The undersampling of some geographical areas—named the ‘Wallacean shortfall’ by Lomolino49 (see also ref. 87)—was recently recognized as one of the main factors preventing an exhaustive large-scale understanding of biodiversity patterns54,88. Even when biodiversity data are available for a well-studied taxonomic group, these might suffer from a number of bias sources, just to cite a few33,75,89,90,91: lack of standardized sampling design, inconsistent spatial scales, inadequate environmental coverage of the surveys, and observer’s/recorder’s bias (e.g., proximity to roads). Indeed, the large variety of standardized and unstandardized sampling schemes used to survey the distribution of different biological groups often adds up as an additional source of heterogeneity in the data, which may increase the spatial bias and thus affect the complex exercise of modelling species distributions.

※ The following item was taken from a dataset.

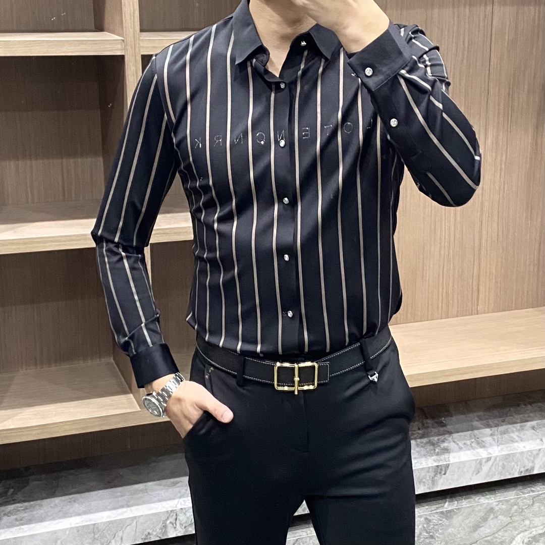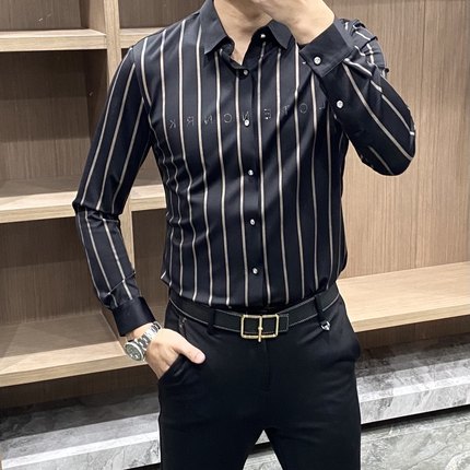 欧美2025秋季新款男士长袖衬衫时尚条纹字母烫钻商务绅士百搭衬衣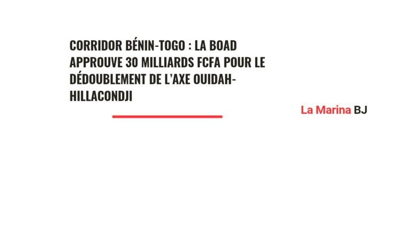 À SUIVRE INTERNATIONAL Corridor Bénin-Togo : La BOAD approuve 30 milliards FCFA pour le dédoublement de l’axe Ouidah-Hillacondji

Likewise, site accessibility and proximity to roads, also have strong effects on data quality, biodiversity inventories being more intensive in locations closer to research centres, infrastructure, highways or places allowing easier access92,93,94,95,96. Moreover, the striking geographic bias in the accessibility to resources and in scientific data processing among different regions across the globe can only increase gaps in the data. Altogether, bias in data quality represents a key issue in current macroecological and biogeographical research97, and hinders realizing the full potential of using large-scale databases in biodiversity modelling (ref. 59,96,98,99, see Fig. 1). Examples exist where smooth geographical biases could be controlled during modelling procedures, in case some in-situ data have still been sampled even in remote areas100, but spatial lack of information and stronger bias is generally expected to severely hinder final results101.

Fig. 1: Plant species occurrences over the globe available in GBIF (https://www.gbif.org, latest access: December 2021).
figure 1

The cartogram or density-equalizing map as proposed by Dorling200 and Gastner and Newman201) shows a bias on species occurrences towards continents with higher sampling effort. To generate the cartogram, a geographical grid of 10 degrees was superimposed on the dataset and the grid cells were further distorted according to the amount of plant species occurrences.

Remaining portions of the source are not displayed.